Pode-se estabelecer uma comparação, no que diz
respeito a processos criativos, a realizadores que praticamente não têm coisa
alguma em comum. Isso fica perceptível quando observo um dos primeiros filmes
de maior expressão do famigerado Lars Von Trier, “Ondas do Destino”, lançado em
1995.
Não existe qualquer identificação entre ele e o
diretor-roteirista Cameron Crowe (do maravilhoso “Quase Famosos”), mas entre
eles existe uma quase similaridade: Assim como Crowe, Lars Von Trier saiu muito
melhor nos filmes em que sua auto-censura o inibiu a fim de moldar um trabalho
mais austero.
E nesse sentido, “Ondas do Destino” é,
seguramente, seu melhor trabalho.
Foi também o filme que estabeleceu o cinema que
Von Trier faria dali por diante: Se obras anteriores como “Europa”, “Elemento
do Crime” e “O Reino” lançavam mão de subterfúgios fantasiosos e até
sobrenaturais, a partir deste filme, Von Trier –com raras exceções –passou a se
debruçar sobre a realidade nua e crua e, em especial, a um tema que foi se
tornando cada vez mais caro à sua filmografia, o sexo.
Dividido por capítulos (anunciados em irônicos
intertítulos), como é do agrado de seu diretor, “Ondas do Destino” acompanha a
história de Bess (Emily Watson, absolutamente brilhante) que vive numa intransigente
comunidade religiosa nas ilhas Hébridas Exteriores. Para a perplexidade de seus
familiares, que temem por sua segurança já que Bess sofre de alguns distúrbios
psicológicos, ela se apaixona por Jan (Stellan Skarsgaard), um rapaz sueco que
trabalha em uma plataforma petrolífera no Mar do Norte.
Eles se casam, e iniciam um relacionamento
feliz, perturbado apenas pelos ocasionais períodos em que Jan tem de afastar-se
de Bess para trabalhar, quando ela é assolada por uma irreprimível tristeza.

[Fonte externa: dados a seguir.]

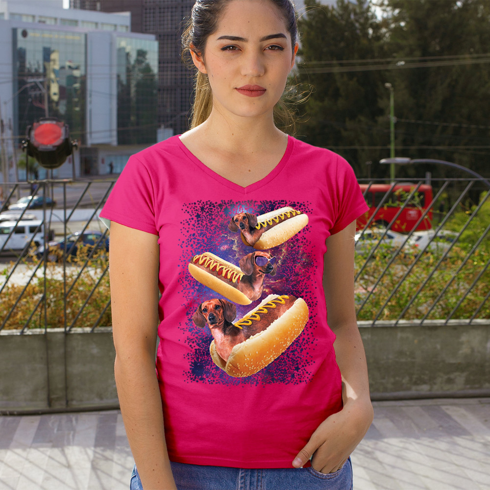 Add a dash of humor to your wardrobe with our unique design featuring adorable dachshunds as hotdogs in a cosmic setting. This playful graphic is perfect for animal lovers and those with a quirky sense of style. The vibrant colors and detailed illustration ensure you stand out in any crowd. Made from premium materials, this tee offers both comfort and durability, making it ideal for everyday wear or special occasions. Embrace your love for dogs and space with this fun and imaginative design.

Na falta que sente dele, Bess tanto reza para o
seu retorno que acaba sentindo-se culpada quando um acidente grave ocorre à
Jan: Ela acredita que foi Deus quem provocou o acidente a fim da atender seu
pedido de que ele voltasse para casa.
Tal acidente deixa Jan paraplégico, incapaz de
corresponder ao amor de Bess. E essa impossibilidade o leva a sugerir que ela
procure outros homens, entre as pessoas do vilarejo.
O rito de transar com eles, e depois lhe
relatar o acontecimento em detalhes é, para Jan, uma forma de ainda manter uma
espécie de vida sexual com Bess.
Todavia, essa atitude logo irá deteriorar a
vida da própria Bess, em parte pela insanidade intensa que dará lugar à sua
instabilidade emocional, em parte pelo modo pouco tolerante que os moradores do
lugar passarão a enxergar seu comportamento, mas, sobretudo, pelo perigo a que
ela vai se expor cada vez mais, quando procurar por parceiros mais e mais
improváveis –o quê levará Bess a um fatídico encontro num cargueiro.
Depois deste primoroso trabalho, Von Trier
envolveu-se no movimento do cinema dinamarquês chamado Dogma 95, realizando a
partir de suas diretrizes o árido “Os Idiotas”. E chegar a ser curioso, por
isso mesmo, que “Ondas do Destino” seja justamente um filme sobre o caminho
destrutivo a que paradigmas e diretrizes seguidos cegamente podem levar o ser
humano. Essa premissa –a de uma mulher bondosa cuja boa vontade a leva a se
esvair, física e emocionalmente, num mundo dominado pela crueldade –passou a
definir todo o seu trabalho cinematográfico desde então.
Em “Ondas do Destino” fica perceptível o quanto
essa postura deve, em inspiração artística e motivação reflexiva, ao clássico
“A Paixão de Joana D’ Arc”, de Carl T. Dreyer –a santidade, na visão sem
ressalvas nem concessões de Von Trier, pode se expressar no mundo cão em que
vivemos, desde que tenhamos estômago forte para acompanhar esses percalços.
Se os filmes subseqüentes
foram ficando cada vez mais conceituais e inclinados a uma vontade
desnecessária de chocar, ao menos este daqui supera essas características já
presentes para se firmar como uma das melhores obras dos anos 1990.